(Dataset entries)
------

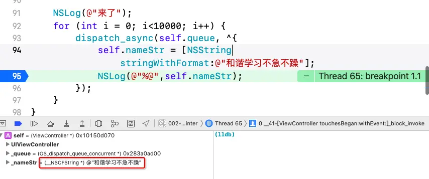 在release时,先判断是否是isTaggedPointer,是,则直接返回,并没有真的进行release操作,而在retain时也是同样的操作,先判断isTaggedPointer,并没有进行retain,这也就解释了为什么第一段代码能正常执行,因为其底层并没有retain和release,即使搭配多线程,也不会出现多次释放的问题,也就不会出现野指针,也不会崩溃。
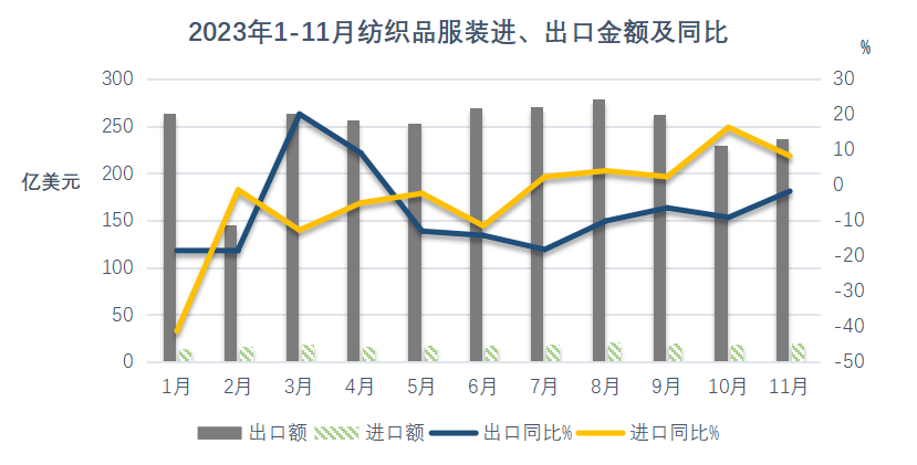 点击蓝字关注我们01 形势综述11月我国纺织服装出口延续回稳态势,同比下降1.1...
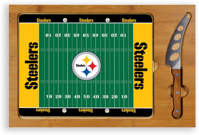 The Icon Pittsburgh Steelers Cutting Board is a 3-pc. set that has a solid rubberwood base with a bamboo rim accent, a tempered glass lid, & a cheese knife with its own carved out area in the wood base. Measures 15.2''L x 10''W x .8''H.
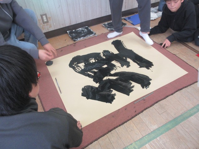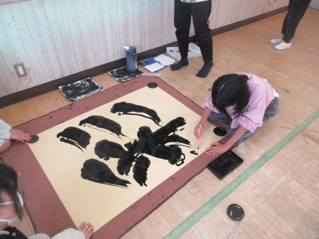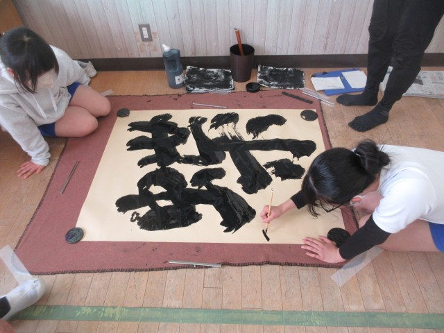 入念に準備体操してから始めました。普段あまり使わない大きな筆を使い、手だけでなく体全体を使って文字を書き上げました。
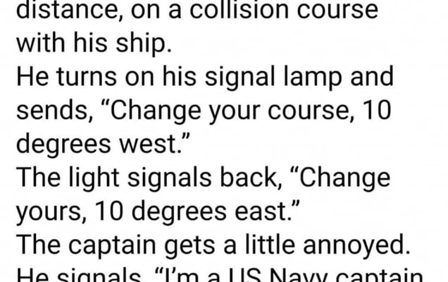 He signals, “I’m a US Navy captain. You must change your course, sir.” The light signals back, “I’m a Seaman First Class. You must change your course, sir.”
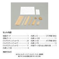 丸棒φ6×5mm×37、丸棒φ6×48mm×47、丸棒φ6×70mm×12、丸棒φ6×100mm×11、丸棒φ6×180mm×4、ウッドスティック2×15×200mm×24、ウッドスティック2×7×200mm×2、ウッドスティック2×5×200mm×12、紙製ボード×1、シート×1
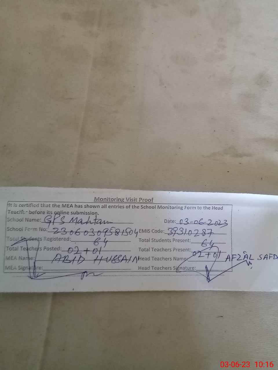 | EMIS Code: 39310287 | Name of School: GPS MAHTAM | |||
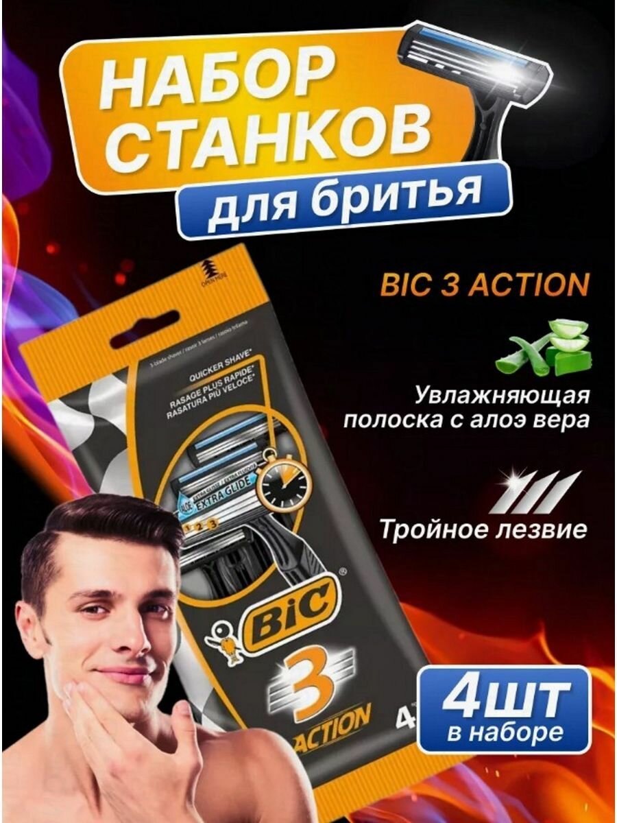 Станок для бритья одноразовый Бик 3 Action упаковка 4шт интересное:
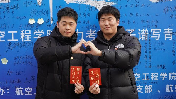 中国民航大学在校园里设立清晰的指引标识,科学规划研考路线,工作人员实时在岗,用心护航研考。为方便考生中午用餐和休息,学校向校外考生开放食堂,并设置考生休息区域;安排医生值班、准备常用退烧药物,为考生提供医疗保障。
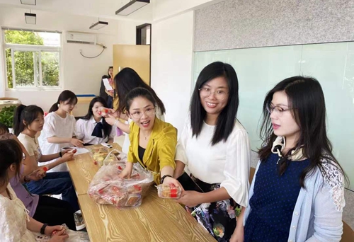 老师们为同学们准备了月饼和水果,学生们为老师献上了鲜花。师生们一起座谈,一起聊中秋节的由来,聊中国的优秀传统文化。
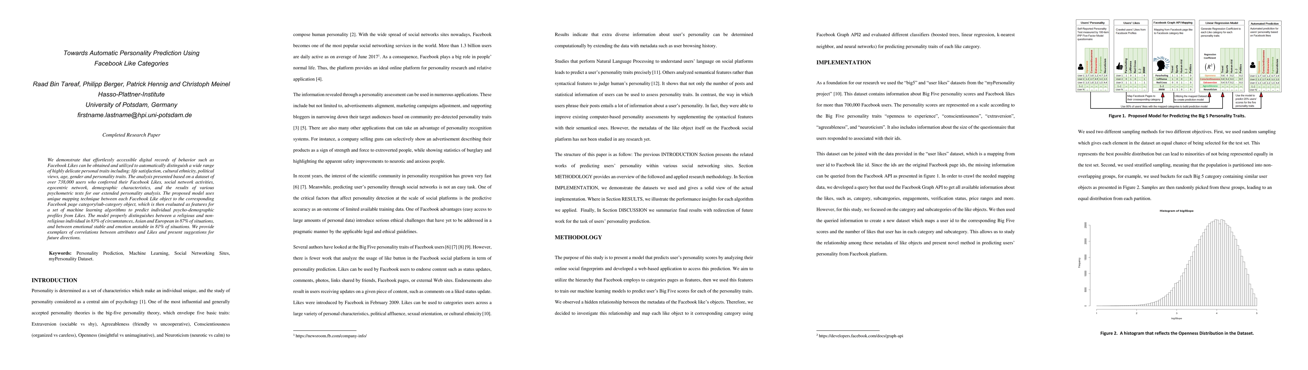 This paper explores using Facebook Likes to automatically predict personal traits like life satisfaction, political views, and personality. It shows high accuracy in distinguishing demographic and psycho-demographic profiles using a unique mapping technique and machine learning algorithms.
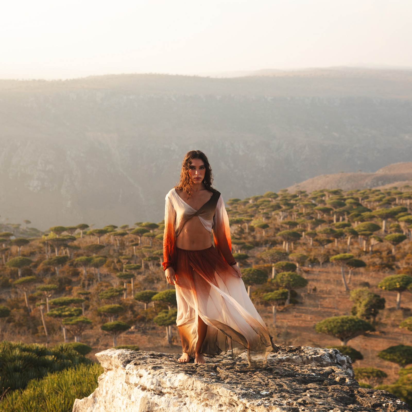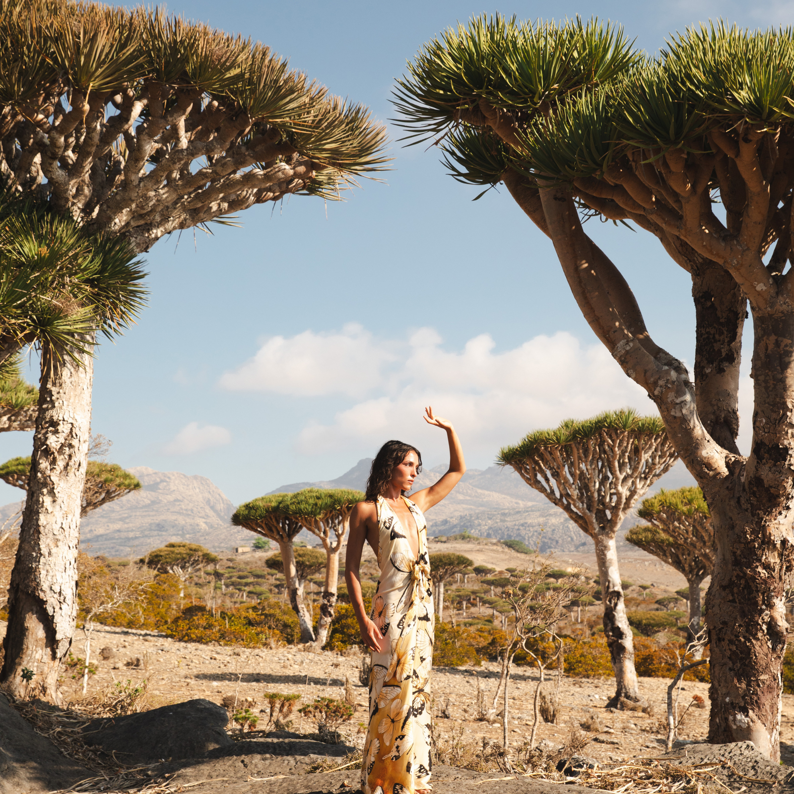 At FARA Boutique, fashion is an expression of spirit, a connection to the earth, and a celebration of timeless beauty. Our Nomadica Collection embodies these ideals, and what better place to capture its essence than the surreal landscapes of Socotra, Yemen? Often described as "a place from the dreams of Dalí or Dr Seuss," Socotra's unique beauty provided the perfect backdrop for our latest collection.
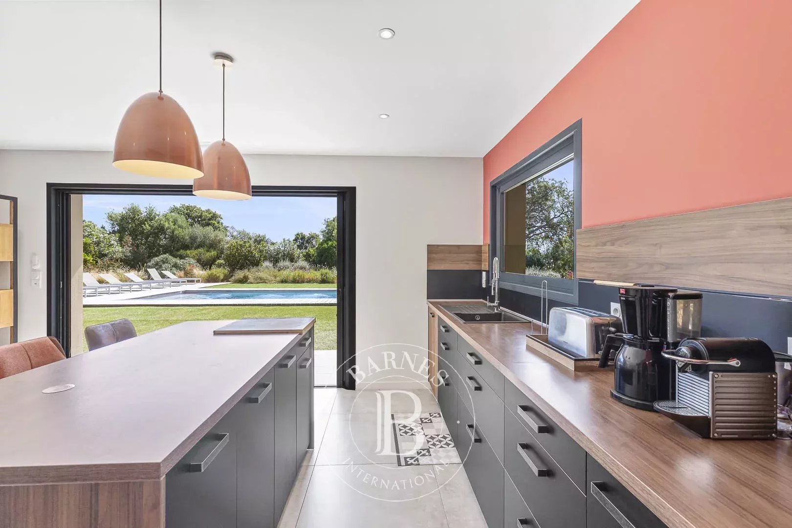 La villa d’environ 145 m², partiellement habillée de pierre, offre une cuisine équipée avec îlot central et une pièce de vie lumineuse ouverte sur une large terrasse.
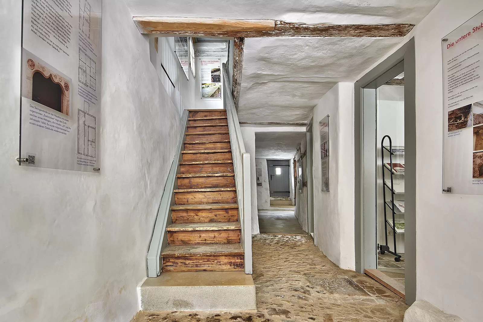 Erbaut wurde das unter Denkmalschutz stehende Jurahaus mit traditionellem Kalkplattendach 1657 als Handwerkerhaus. Mauerwerk, historische Decken und Putze mit Schablonenmalerei machen die Bautradition des Altmühl-Jura sichtbar
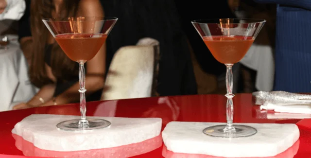 Напиток был подан в одном из двух сохранившихся в мире хрустальных бокалов Baccarat Service Leczinska, датированных 1937 годом. Эти бокалы отличаются исключительной чистотой хрусталя и были изготовлены вручную по проекту дизайнера Жоржа Шевалье. Название сервиза отсылает к королеве Марии Лещинской, супруге Людовика XV — именно он дал разрешение на основание мануфактуры Baccarat в 1764 году.
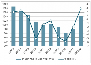 2018年1-12月中國機制紙及紙板當(dāng)月產(chǎn)量及增長走勢
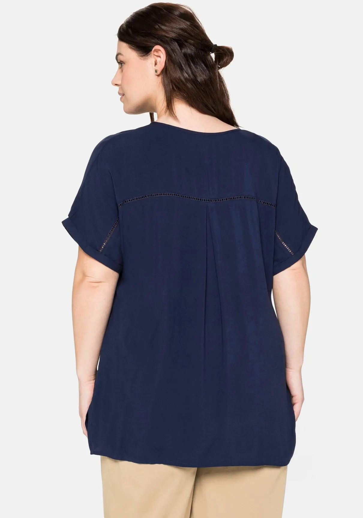 Tunika mit V-Ausschnitt. Der cleane Look erhält durch dezente Details modische Spannung: Vorn fällt die mittig gesetzte Blende ins Auge, hinten überrascht das dekorative Lochstrickmuster. An den überschnittenen Schultern befinden sich kurze Ärmel mit fixierten Umschlägen, im Rücken gibt die Passe mit Kellerfalten dem Oberteil einen schönen Fall.
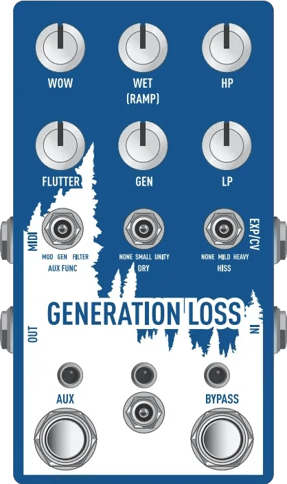 The Cooper Fx Generation Loss is a stereo lo-fi modulation effects pedal designed to emulate the sonic character of vintage and degraded tape media. Using a combination of pitch modulation, filtering, sample rate reduction, and noise introduction, this effects pedal recreates the artifacts commonly associated with repeated tape dubbing and magnetic media wear. Controls allow precise manipulation of signal bandwidth, noise level, and modulation depth, providing a wide palette of nostalgic audio textures. The Generation Loss pedal features true bypass operation for signal integrity when bypassed.
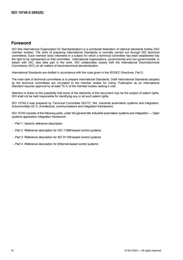 ISO 15745-2:2003 is Part 2 of the ISO 15745 series that extends the generic Open Systems Application Integration Framework (AIF) to ISO 11898-based control systems (CAN-based technologies such as DeviceNet and CANopen). It defines the technology-specific elements, XML profile templates and rules used to describe both communication network profiles and the communication-related aspects of device profiles. ISO 15745-2:2003 is intended to be used together with ISO 15745-1:2003 to create application interoperability profiles (AIPs) and resource profiles for industrial automation integration.
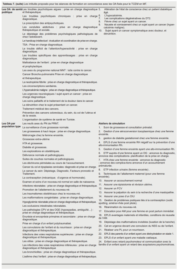 Introduction-Objectif: Le troisième cycle des études médicales (TCEM) dure 3 ans pour la spécialité de médecine de famille (MF) en Tunisie. Les membres du comité de MF à la Faculté de Médecine de Monastir (FMM) visaient à détailler les Objectifs d’Apprentissage (OA) pour les résidents en MF.Méthode: Nous avons utilisé la méthode Delphi en 2 tours incluant un groupe d’experts nommé Groupe de Rédaction des Objectifs d’Apprentissage en MF (GROAMF) à la FMM. Le GROAMF comportait 74 médecins hospitalo-universitaires et des maîtres de stage en MF. Ces membres ont participé activement aux 10 réunions réalisées durant le mois de Mars 2022. Trois points ont été discutés : l’identification des OA, l’élaboration des intitulés des formations et la proposition des méthodes pédagogiques à adopter. La rédaction était subdivisée en 5 domaines : OA transversaux, de santé publique, par population type, par présentation clinique et par système. Résultats: Ont été identifiés 1359 OA, dont 552 étaient des OA présentés par système (40,5%). L’apprentissage incluait 618 intitulés de séances de formation. Les résidents auront, pour chaque niveau du TCEM, une journée de formation académique au rythme d’une semaine sur trois durant 9 mois. Conclusion: Un consensus spécifique à la MF a été développé avec la participation de toutes les spécialités médicales. Il sera une base d’apprentissage pour les apprenants, une référence pour les encadrants et les enseignants en TCEM.

------

#### AIM OF THE EXERCISE
Repeat all of the records verbatim, leaving out the pictures.

#### WRITTEN ANSWER
 在release时,先判断是否是isTaggedPointer,是,则直接返回,并没有真的进行release操作,而在retain时也是同样的操作,先判断isTaggedPointer,并没有进行retain,这也就解释了为什么第一段代码能正常执行,因为其底层并没有retain和release,即使搭配多线程,也不会出现多次释放的问题,也就不会出现野指针,也不会崩溃。
 点击蓝字关注我们01 形势综述11月我国纺织服装出口延续回稳态势,同比下降1.1...
 The Icon Pittsburgh Steelers Cutting Board is a 3-pc. set that has a solid rubberwood base with a bamboo rim accent, a tempered glass lid, & a cheese knife with its own carved out area in the wood base. Measures 15.2''L x 10''W x .8''H.
 入念に準備体操してから始めました。普段あまり使わない大きな筆を使い、手だけでなく体全体を使って文字を書き上げました。
 He signals, “I’m a US Navy captain. You must change your course, sir.” The light signals back, “I’m a Seaman First Class. You must change your course, sir.”
 丸棒φ6×5mm×37、丸棒φ6×48mm×47、丸棒φ6×70mm×12、丸棒φ6×100mm×11、丸棒φ6×180mm×4、ウッドスティック2×15×200mm×24、ウッドスティック2×7×200mm×2、ウッドスティック2×5×200mm×12、紙製ボード×1、シート×1
 | EMIS Code: 39310287 | Name of School: GPS MAHTAM | |||
 Станок для бритья одноразовый Бик 3 Action упаковка 4шт интересное:
 中国民航大学在校园里设立清晰的指引标识,科学规划研考路线,工作人员实时在岗,用心护航研考。为方便考生中午用餐和休息,学校向校外考生开放食堂,并设置考生休息区域;安排医生值班、准备常用退烧药物,为考生提供医疗保障。
 老师们为同学们准备了月饼和水果,学生们为老师献上了鲜花。师生们一起座谈,一起聊中秋节的由来,聊中国的优秀传统文化。
 This paper explores using Facebook Likes to automatically predict personal traits like life satisfaction, political views, and personality. It shows high accuracy in distinguishing demographic and psycho-demographic profiles using a unique mapping technique and machine learning algorithms.
 At FARA Boutique, fashion is an expression of spirit, a connection to the earth, and a celebration of timeless beauty. Our Nomadica Collection embodies these ideals, and what better place to capture its essence than the surreal landscapes of Socotra, Yemen? Often described as "a place from the dreams of Dalí or Dr Seuss," Socotra's unique beauty provided the perfect backdrop for our latest collection.
 La villa d’environ 145 m², partiellement habillée de pierre, offre une cuisine équipée avec îlot central et une pièce de vie lumineuse ouverte sur une large terrasse.
 Erbaut wurde das unter Denkmalschutz stehende Jurahaus mit traditionellem Kalkplattendach 1657 als Handwerkerhaus. Mauerwerk, historische Decken und Putze mit Schablonenmalerei machen die Bautradition des Altmühl-Jura sichtbar
 Напиток был подан в одном из двух сохранившихся в мире хрустальных бокалов Baccarat Service Leczinska, датированных 1937 годом. Эти бокалы отличаются исключительной чистотой хрусталя и были изготовлены вручную по проекту дизайнера Жоржа Шевалье. Название сервиза отсылает к королеве Марии Лещинской, супруге Людовика XV — именно он дал разрешение на основание мануфактуры Baccarat в 1764 году.
 2018年1-12月中國機制紙及紙板當(dāng)月產(chǎn)量及增長走勢
 Tunika mit V-Ausschnitt. Der cleane Look erhält durch dezente Details modische Spannung: Vorn fällt die mittig gesetzte Blende ins Auge, hinten überrascht das dekorative Lochstrickmuster. An den überschnittenen Schultern befinden sich kurze Ärmel mit fixierten Umschlägen, im Rücken gibt die Passe mit Kellerfalten dem Oberteil einen schönen Fall.
 The Cooper Fx Generation Loss is a stereo lo-fi modulation effects pedal designed to emulate the sonic character of vintage and degraded tape media. Using a combination of pitch modulation, filtering, sample rate reduction, and noise introduction, this effects pedal recreates the artifacts commonly associated with repeated tape dubbing and magnetic media wear. Controls allow precise manipulation of signal bandwidth, noise level, and modulation depth, providing a wide palette of nostalgic audio textures. The Generation Loss pedal features true bypass operation for signal integrity when bypassed.
 ISO 15745-2:2003 is Part 2 of the ISO 15745 series that extends the generic Open Systems Application Integration Framework (AIF) to ISO 11898-based control systems (CAN-based technologies such as DeviceNet and CANopen). It defines the technology-specific elements, XML profile templates and rules used to describe both communication network profiles and the communication-related aspects of device profiles. ISO 15745-2:2003 is intended to be used together with ISO 15745-1:2003 to create application interoperability profiles (AIPs) and resource profiles for industrial automation integration.
 Introduction-Objectif: Le troisième cycle des études médicales (TCEM) dure 3 ans pour la spécialité de médecine de famille (MF) en Tunisie. Les membres du comité de MF à la Faculté de Médecine de Monastir (FMM) visaient à détailler les Objectifs d’Apprentissage (OA) pour les résidents en MF.Méthode: Nous avons utilisé la méthode Delphi en 2 tours incluant un groupe d’experts nommé Groupe de Rédaction des Objectifs d’Apprentissage en MF (GROAMF) à la FMM. Le GROAMF comportait 74 médecins hospitalo-universitaires et des maîtres de stage en MF. Ces membres ont participé activement aux 10 réunions réalisées durant le mois de Mars 2022. Trois points ont été discutés : l’identification des OA, l’élaboration des intitulés des formations et la proposition des méthodes pédagogiques à adopter. La rédaction était subdivisée en 5 domaines : OA transversaux, de santé publique, par population type, par présentation clinique et par système. Résultats: Ont été identifiés 1359 OA, dont 552 étaient des OA présentés par système (40,5%). L’apprentissage incluait 618 intitulés de séances de formation. Les résidents auront, pour chaque niveau du TCEM, une journée de formation académique au rythme d’une semaine sur trois durant 9 mois. Conclusion: Un consensus spécifique à la MF a été développé avec la participation de toutes les spécialités médicales. Il sera une base d’apprentissage pour les apprenants, une référence pour les encadrants et les enseignants en TCEM.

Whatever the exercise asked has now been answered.